THE PROBLEM: Your answer must be an exact copy of the records below, with no pictures in it.

======== DATA RECORDS

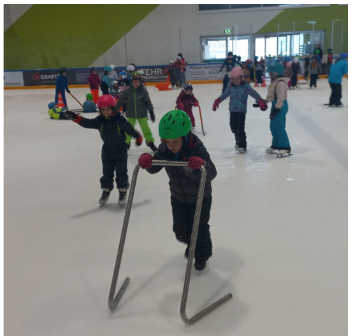
Zum Glück gibt es den Metallbügel
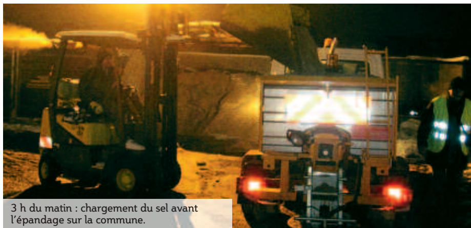
3 h du matin : chargement du sel avant l'épandage sur la commune.
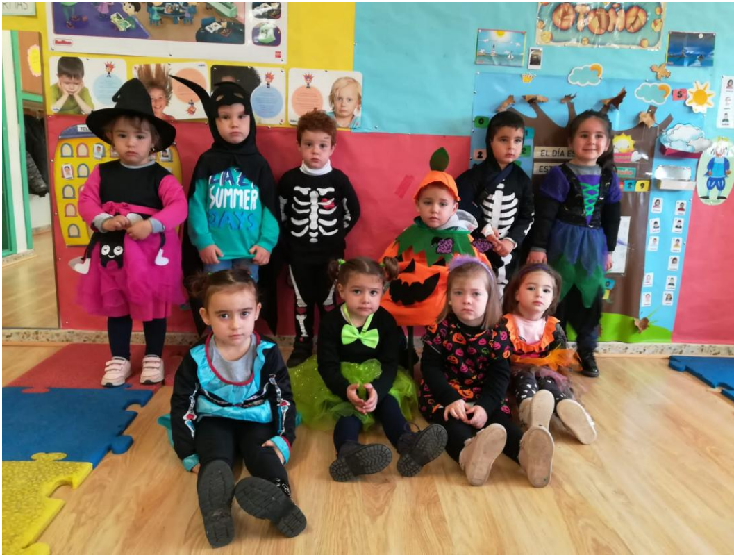
¡ qué susto! Otra clase de niños de 3 años
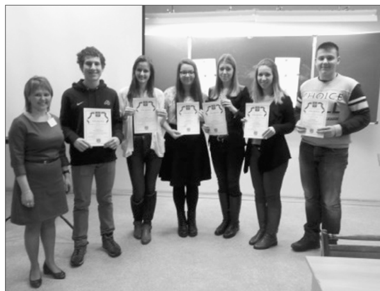
Сроки проведения регионального этапа всероссийской олимпиады школьников по общеобразовательным предметам в 2014/15 учебном году

культуре, экономике, математике, экологии, праву, немецкому языку и технологии. Министерство образования РК
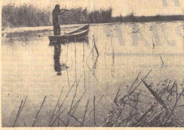
Қуш қаслида ов қилишнинг ҳам узинга хос гашти бор. Суратда: Қоракалпоғистон АССРнинг суе ҳавзаларида ов пайти. А. Лихварь фотоси, (3ЭТАГ).

Ф. ЗОҲИДОВ, «Совет Ўзбекистони» мухбири.
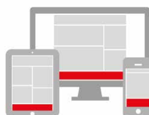
STICKY FOOTER 300 x 100 px + 728 x 90 px
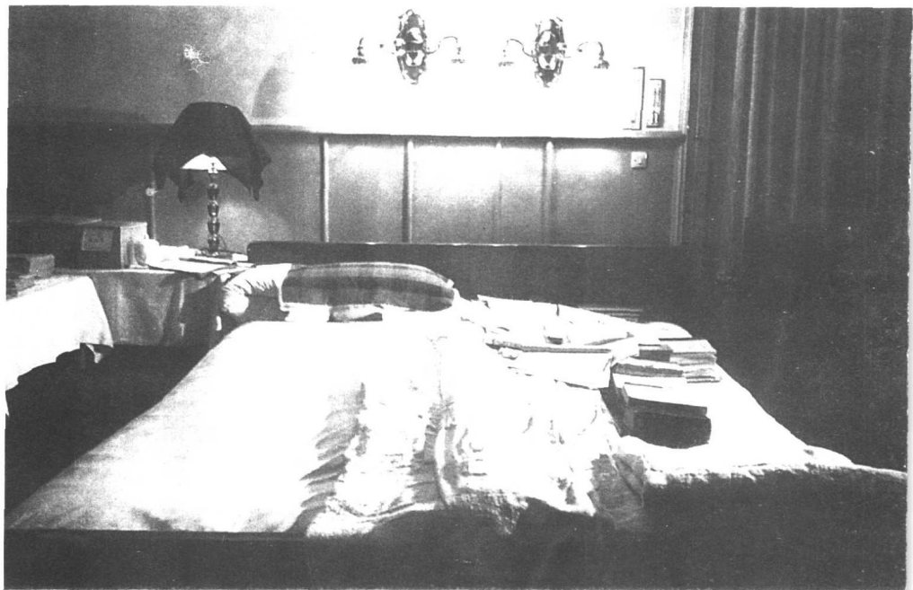
毛泽东在中南海卧室的木床。床上的毛巾被有许多补丁。右边放的书是为了便于随时阅读。
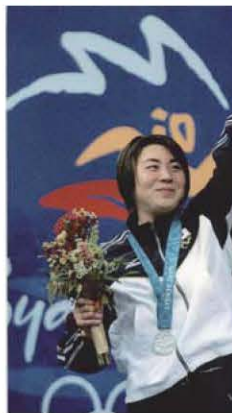
シドニー五輪の銀メダリストとして表彰台に
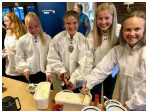
I Vår Frelsers menighet inviteres konfirmantene til isfest og lek, fotografering og kappeprøving noen dager før konfirmasjonen. Til konfirmantbildet med kappe trengs ikke hele bunaden, så da ble det is-spising med bunadsskjorte og bukse!
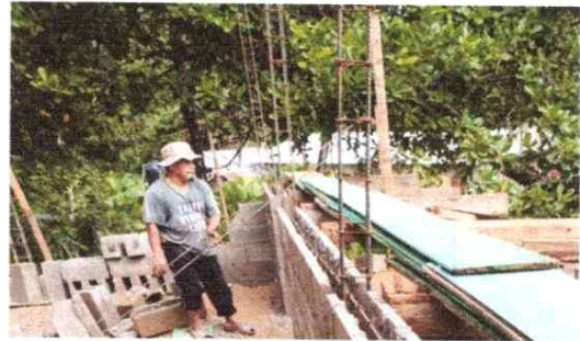
Sustitución de columnas

================

EXPECTED ANSWER:
Zum Glück gibt es den Metallbügel
3 h du matin : chargement du sel avant l'épandage sur la commune.
¡ qué susto! Otra clase de niños de 3 años
Сроки проведения регионального этапа всероссийской олимпиады школьников по общеобразовательным предметам в 2014/15 учебном году

культуре, экономике, математике, экологии, праву, немецкому языку и технологии. Министерство образования РК
Қуш қаслида ов қилишнинг ҳам узинга хос гашти бор. Суратда: Қоракалпоғистон АССРнинг суе ҳавзаларида ов пайти. А. Лихварь фотоси, (3ЭТАГ).

Ф. ЗОҲИДОВ, «Совет Ўзбекистони» мухбири.
STICKY FOOTER 300 x 100 px + 728 x 90 px
毛泽东在中南海卧室的木床。床上的毛巾被有许多补丁。右边放的书是为了便于随时阅读。
シドニー五輪の銀メダリストとして表彰台に
I Vår Frelsers menighet inviteres konfirmantene til isfest og lek, fotografering og kappeprøving noen dager før konfirmasjonen. Til konfirmantbildet med kappe trengs ikke hele bunaden, så da ble det is-spising med bunadsskjorte og bukse!
Sustitución de columnas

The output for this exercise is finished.